Та подняла на Кристину тяжёлый взгляд, вздохнула и протянула ей лист.
***
В Подземелье всегда пахнет одинаково отвратительно — сыростью, плесенью, затхлостью. Даже сейчас. Только это, без примесей. В Подземелье не пахнет смертью.
Перс озирается, спускаясь всё ниже. Чем ближе к дому, тем больше ловушек и тем они опаснее. И Эрик совершенно точно их не выключил — даже на пороге смерти ему не плевать, что потом его убежище найдут и разворуют. Остаётся надеяться, что на том пути, которым шла Кристина, он не поставил ловушки, и бедная девушка не пострадала.
Перс пытается вдохнуть полной грудью, но воняет просто ужасно. Как Эрик этим дышал столько лет? Впрочем…
У входа в склеп Перс останавливается, сжимая ручку фонаря, и не решается сделать последний шаг, чтобы увидеть гроб. Он боится увидеть его открытым. Боится увидеть сидящего на нём Эрика, который зло смеётся… Эрик посмеялся бы и над причиной этого страха: сердце Перса вынесло слишком много, оно уже не то же, что и двадцать лет назад. И всё же Перс стискивает зубы и делает этот шаг.

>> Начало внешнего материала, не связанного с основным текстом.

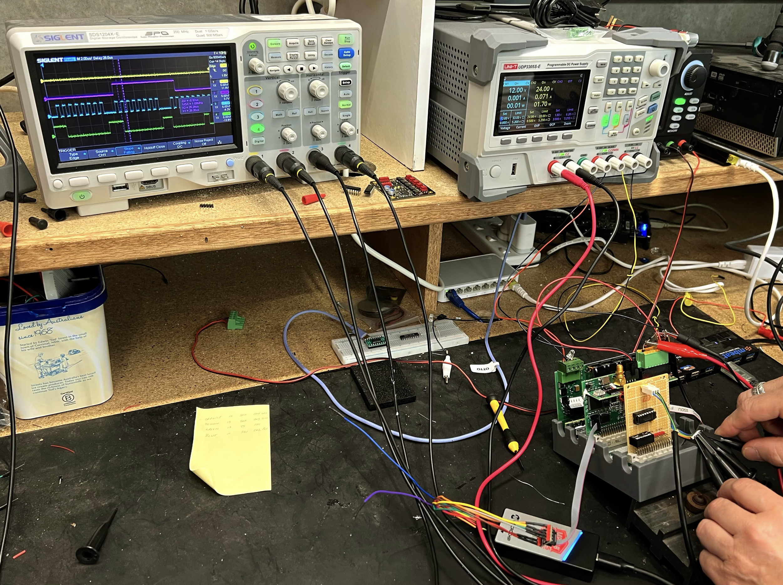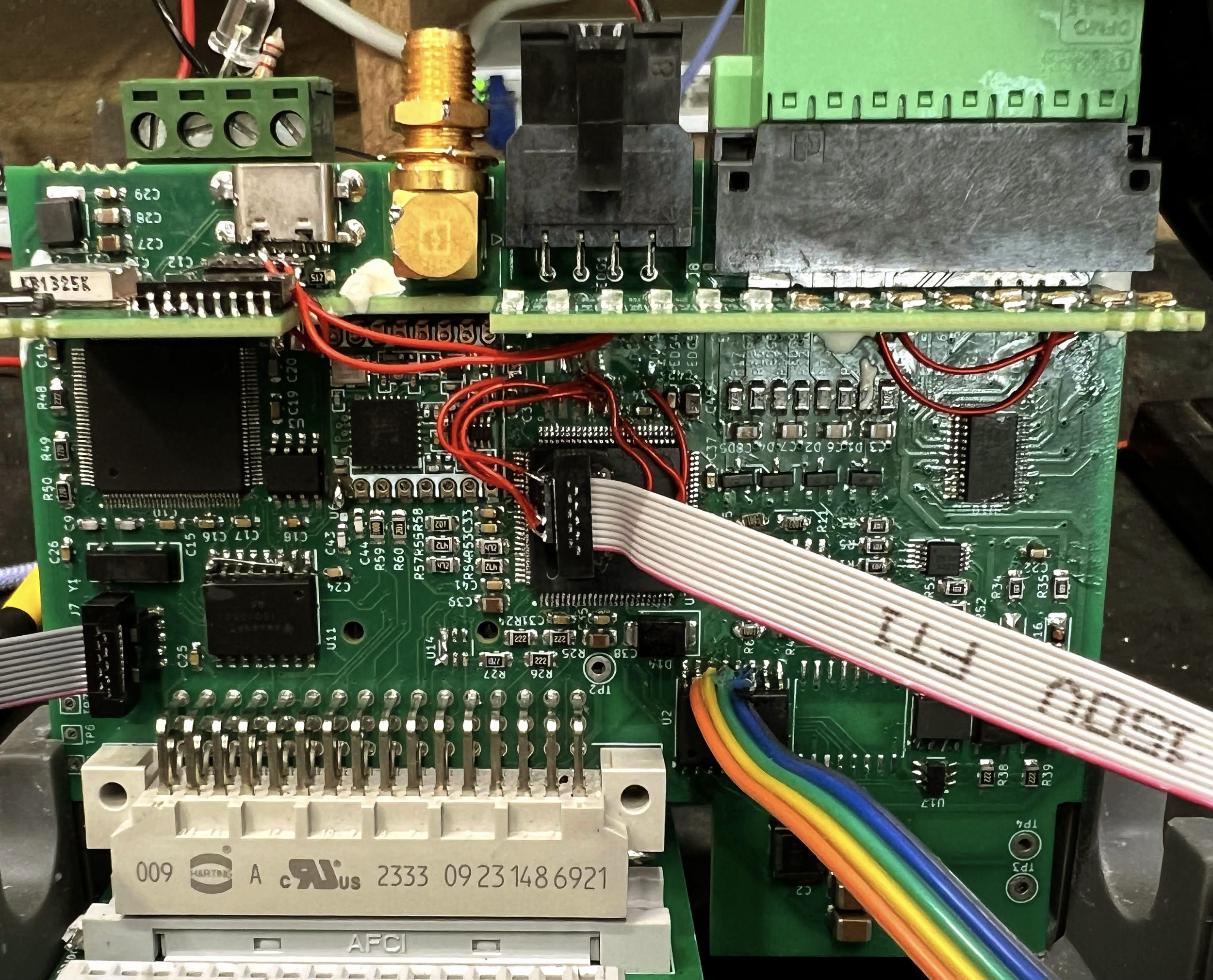 Using the test bus, we are plugging the first CPU card in and testing it. This card is built around an ATSAMD51P20A CPU chip. This device offers enough serial ports (SPI, I2C and UART) as well as interfaces for CAN, QSPI flash memory and general purpose I/O.

Гроб внизу, в нише. Кто знает, какой шайтан помог Эрику её выдолбить? Но это не имеет значения. Гроб не торчит на постаменте. Перс делает ещё несколько шагов, подносит фонарь и заглядывает в нишу.
Гроб открыт и пуст. Перс в суеверном ужасе отшатывается назад.
Если Эрика там нет, то… Он или чудесным образом испарился, или… Или он жив. И кто знает, что из этого невероятнее. Но ведь он проверил. Он несколько дней проверял, прежде чем дать объявление в газету, — он был мёртв! Он не шевелился, не дышал, у него не билось сердце. Как же он выбрался?
Перс не помнит, как покинул склеп. Помнит только открытую крышку гроба, которая будто насмехалась над ним. Он медленно идёт наверх и не сразу понимает это. Он идёт в его дом, в его убежище. Зачем? Проверить, не пьёт ли он там чай?..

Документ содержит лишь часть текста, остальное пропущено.